Thursday, August 20, 2015

Guns on College Campuses? I Think NOT!

Colin Goddard was shot 4 times at Virginia Tech, by a student with an undiagnosed mental illness. Colin is now the Senior Policy Advocate at Everytown for Gun Safety.

I love it when a tragedy turns into an employment opportunity.  I just wish this one didn't involve weaponry.  I really wish it didn't involve weaponry and education.

Somehow, the NRA has a different perspective.  They have offered bills in 15 states - and were defeated 15 times.  Yet, they continue to insist that a well armed community can police itself and defend itself from terrorism.

This, despite the fact that, as reported by the Sun Sentinel, that
Florida A&M police chief Terence Calloway.... cited a 2009 poll of campus police chiefs that found just 5 percent supported the idea. And a 2014 study produced by Ball State University found similar opposition among college presidents, while polls of campuses throughout the country have regularly turned up student opposition in the 70 to 80 percent range.
I was at a shooting.  It was chaos.
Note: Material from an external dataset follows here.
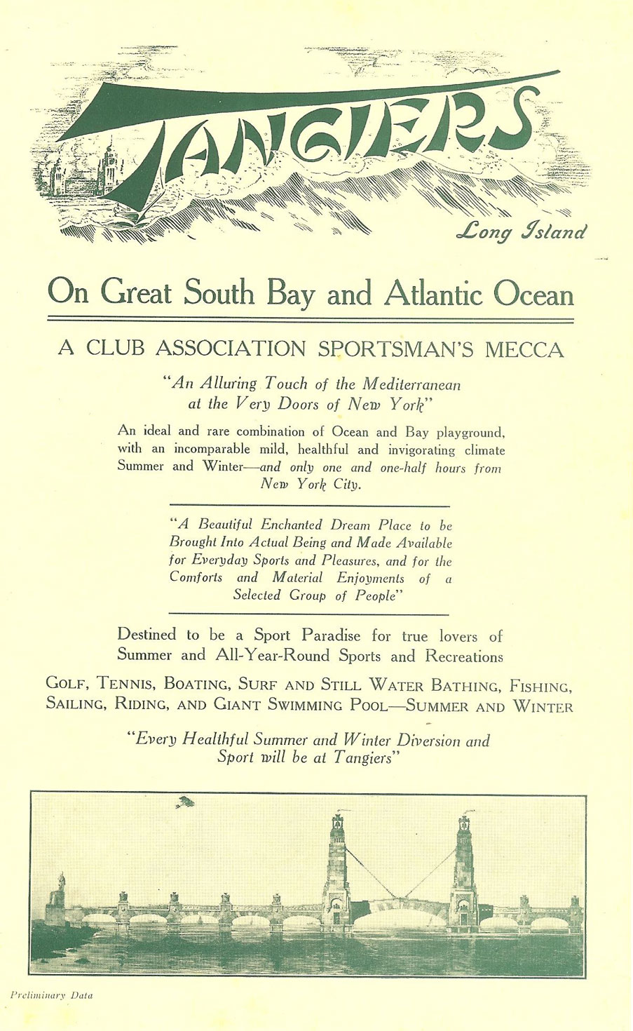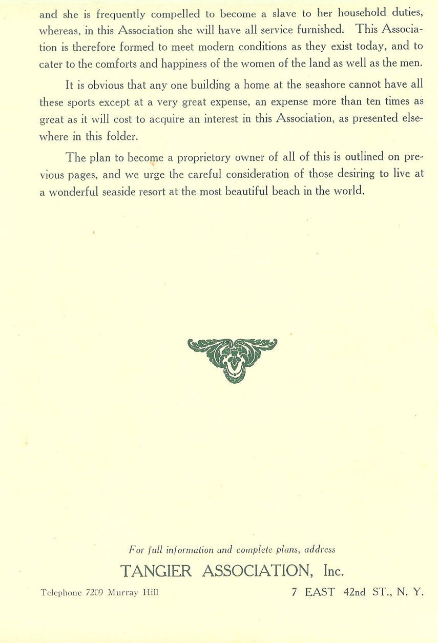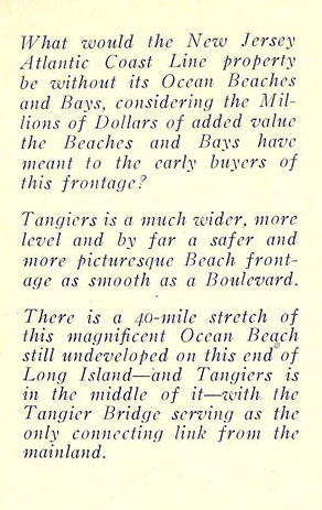 By 1918 the infamous Hawtonherst Corp. who tied up clear titles to much of the Tangier Land for years preventing any resolution had taken things over out there, so I am reasonably sure this brochure was printed between 1913- 1917 when America entered the World War.

A passerby was armed.  He chose to throw a plastic lawn chair rather than fire his weapon.

That's right.  The only armed man besides the shooter selected lawn furniture as his weapon of choice.  He worried about hitting an innocent in the cross-fire.  He worried about being identified as the assailant by the police.  He took the least lethal course of action because he was well-trained and thoughtful.

Our shooter was angry.  He was passionate.  He was self-absorbed.  He knew he was right.  He was a man on a mission, a person poised on the edge who toppled off into the abyss.

I knew a lot of people just like that when I was in college.  We were protesting the draft, the war, racism and inequality.  We were angry and passionate and we knew we were right.

We didn't have weaponry to prove our point.

I remember the outrage when the National Guard opened fire on the students at Kent State.  Guns on campus seemed an outrageous overreaching.  College is a place to learn, not to dodge bullets.  There was an emotional disconnect between the rifles and the kids.... a disconnect which was appropriate but which seems to have disappeared over the passing years.

We teach our youngest students to use your words when conflict arises.  How effective can that mantra be when teachers and support staff are armed?

Perhaps we are desensitized to the enormity of the awfulness; these mass shootings happen so often that Tucson is a long-forgotten memory.  But it is very real to me, to my family, to my friends, to the survivors' community, to those who have lost a loved one or been damaged ourselves.

A good guy with a gun threw lawn furniture at the shooter.

That's a dispositive answer to an awful question.

More weapons are not the answer.

2 comments:

  1. This whole thing makes me absolutely ill. Why do we have to have guns everywhere? I was looking at Sephora yesterday and there was even a perfume called Juliette Has a Gun. Really?! We even have guns in our makeup Web sites? FGS, enough already with the proliferation of guns. Guns everywhere is not the answer. I just wish people would wake-up.



    Sending hugs!


    Megan xxx

    ReplyDelete
    Replies
    1. on makeup?!?!? Oh, dear. SO glad my kids are grown... and so worried about my grandbaby.